Fed Circuit Adopts New Induced Infringement Standard

By Robyn Hagan Cain on September 07, 2012 | Last updated on March 21, 2019

Quick. Simple. Direct. Just how we like our patent decisions.

Last week, the Federal Circuit Court of Appeals adopted a new standard for induced infringement, holding that a patent owner no longer has to show that a single induced entity is liable for direct infringement, reports Patently-O.

In the 6-5 decision, the en banc court explicitly abandoned its 2007 BMC Resources, Inc. v. Paymentech, L.P. holding that, in order for a party to be liable for induced infringement, some other single entity must be liable for direct infringement.

So what was the problem with the old standard?

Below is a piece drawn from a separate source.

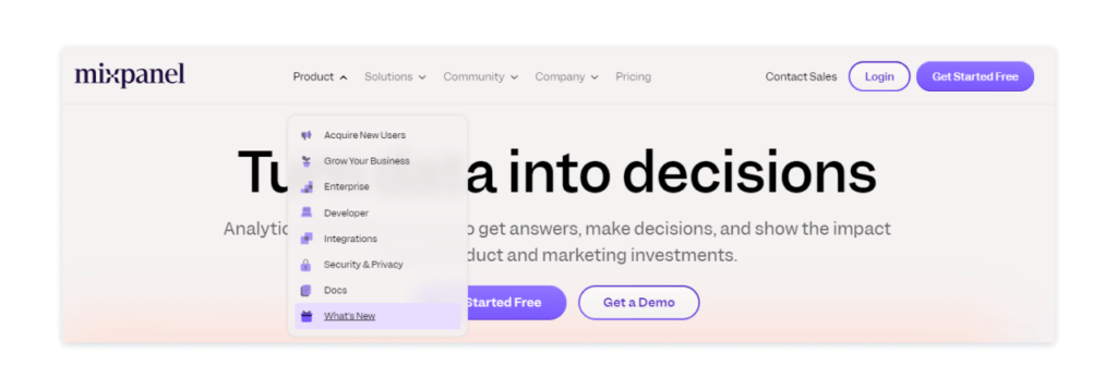 Mixpanel, the product analytics software has an interesting and effective approach on how to write release notes. They keep these notes in a changelog but include a link on their main website’s navigation to make it quick and easy to keep up to date with their updates and changes.

The appellate court explained that it turned on two sections of 35 U.S.C. § 271:

When a single actor commits all the elements of infringement, that actor is liable for direct infringement under 35 U.S.C. § 271(a). When a single actor induces another actor to commit all the elements of infringement, the first actor is liable for induced infringement under 35 U.S.C. § 271(b). But when the acts necessary to give rise to liability for direct infringement are shared between two or more actors, doctrinal problems arise.

In the two cases, Akamai Technologies, Inc. v. Limelight Networks, Inc. and McKesson Technologies, Inc. v. Epic Systems Corporation, the Federal Circuit addressed whether a defendant may be held liable for induced infringement if the defendant has performed some of the steps of a claimed method and has induced other parties to commit the remaining steps (Akamai), or if the defendant has induced other parties to collectively perform all the steps of the claimed method, but no single party has performed all of the steps itself (McKesson).

This problem of divided infringement in induced infringement cases typically arises only with respect to method patents, and sometimes, is the natural way that a particular method will be practiced.

Until last week, Federal Circuit precedent interpreted section 271(b) to mean that, unless the accused infringer directs or controls the actions of the party or parties that are performing the claimed steps, the patentee has no remedy. Since the patentee's rights were plainly being violated by the actors' joint conduct, the appellate court realized that its interpretation was "wrong as a matter of statutory construction, precedent, and sound patent policy."

So that interpretation is gone. Under the new induced infringement standard, all the steps of a claimed method must be performed in order to find induced infringement, but it is not necessary to prove that all the steps were committed by a single entity.